---- SOURCE DATA

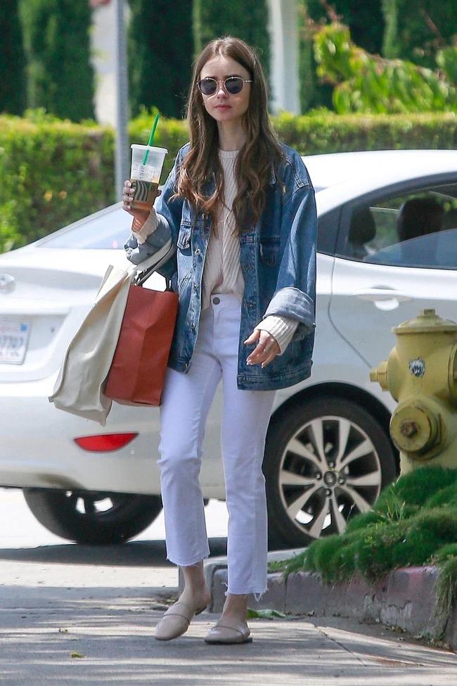 Lily Collins diện áo khoác denim vừa trẻ trung, vừa trang nhã, phối theo phong cách layer bên trong áo len kết hợp với quần jeans cắt gấu không thể chất hơn.
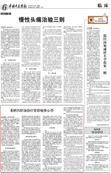 近日,北京京城皮肤医院中医科王连祥副主任医师撰写的学术文章——《龙胆泻肝汤治疗带状疱疹心得》,在《中国中医药报》临床版(2026年3月16日)正式刊发。
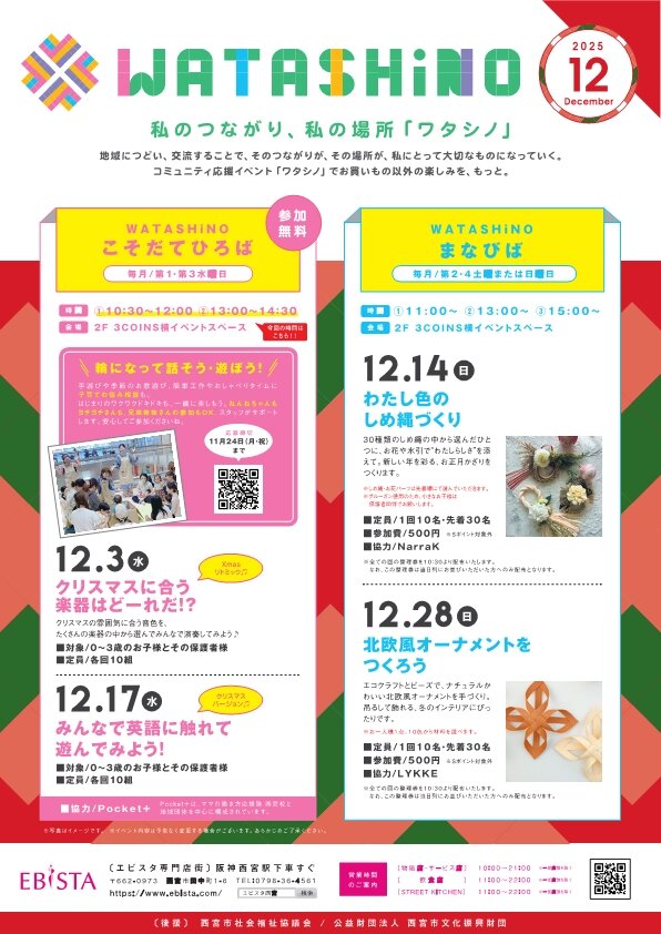 【お知らせ情報-エビスタ西宮】12/3・14・17・28 イベントを通じて繋がるコミュニティ応援イベント「ワタシノ」で、親子で楽しめるワークショップや、子育て応援イベントを実施します。
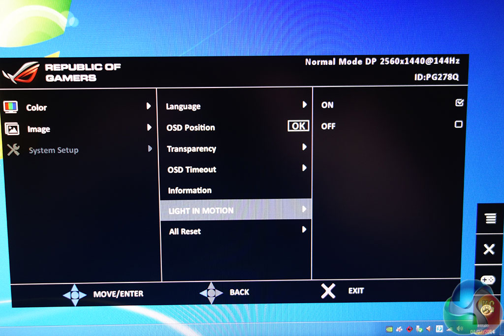 Asus have integrated the interface panel on the side of the screen. This is angled, so it isn't directly on the back of the screen. This is one of the best menu interface systems we have seen to date.
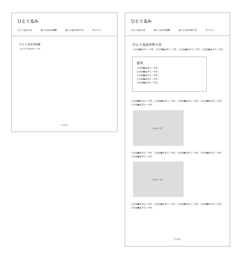 - ページを足す。そのぬいぐるみごとのサイトを作る。
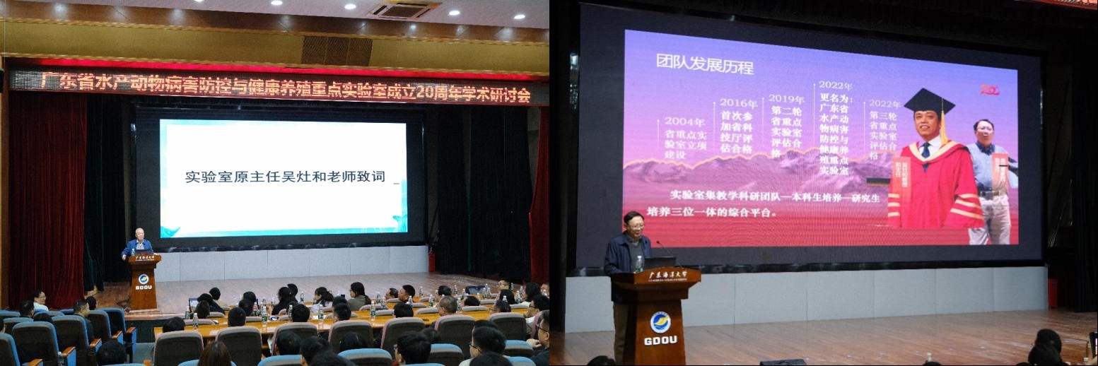 12月21日,为庆祝广东省水产动物病害防控与健康养殖重点实验室(以下简称重点实验室)成立20周年,重点实验室以“创新驱动、绿色发展”为主题举办20周年学术研讨会。本次会议邀请了重点实验室原主任吴灶和教授,重点实验室现主任简纪常教授,华南师范大学叶剑敏教授,欧冠研究生院副院长王蓓教授等领导及专家参加本次研讨会,其中还包括数十位工作在全国各单位的重点实验室毕业优秀校友。研讨会由重点实验室蔡双虎教授主持。
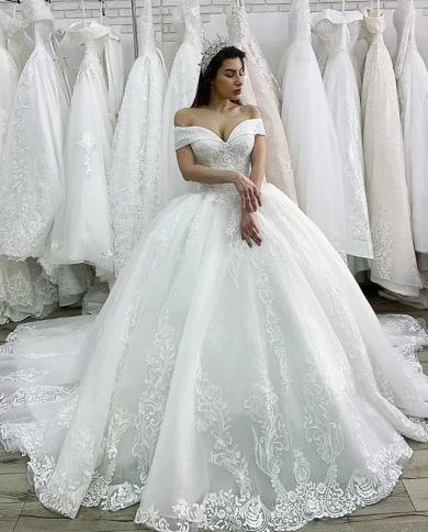 Luxury Wedding Dresses Lace Appliques Sweetheart Off The Shoulder A

--------

Transcribe each entry precisely as given, leaving the pictures out.

 Lily Collins diện áo khoác denim vừa trẻ trung, vừa trang nhã, phối theo phong cách layer bên trong áo len kết hợp với quần jeans cắt gấu không thể chất hơn.
 近日,北京京城皮肤医院中医科王连祥副主任医师撰写的学术文章——《龙胆泻肝汤治疗带状疱疹心得》,在《中国中医药报》临床版(2026年3月16日)正式刊发。
 【お知らせ情報-エビスタ西宮】12/3・14・17・28 イベントを通じて繋がるコミュニティ応援イベント「ワタシノ」で、親子で楽しめるワークショップや、子育て応援イベントを実施します。
 Asus have integrated the interface panel on the side of the screen. This is angled, so it isn't directly on the back of the screen. This is one of the best menu interface systems we have seen to date.
 - ページを足す。そのぬいぐるみごとのサイトを作る。
 12月21日,为庆祝广东省水产动物病害防控与健康养殖重点实验室(以下简称重点实验室)成立20周年,重点实验室以“创新驱动、绿色发展”为主题举办20周年学术研讨会。本次会议邀请了重点实验室原主任吴灶和教授,重点实验室现主任简纪常教授,华南师范大学叶剑敏教授,欧冠研究生院副院长王蓓教授等领导及专家参加本次研讨会,其中还包括数十位工作在全国各单位的重点实验室毕业优秀校友。研讨会由重点实验室蔡双虎教授主持。
 Luxury Wedding Dresses Lace Appliques Sweetheart Off The Shoulder A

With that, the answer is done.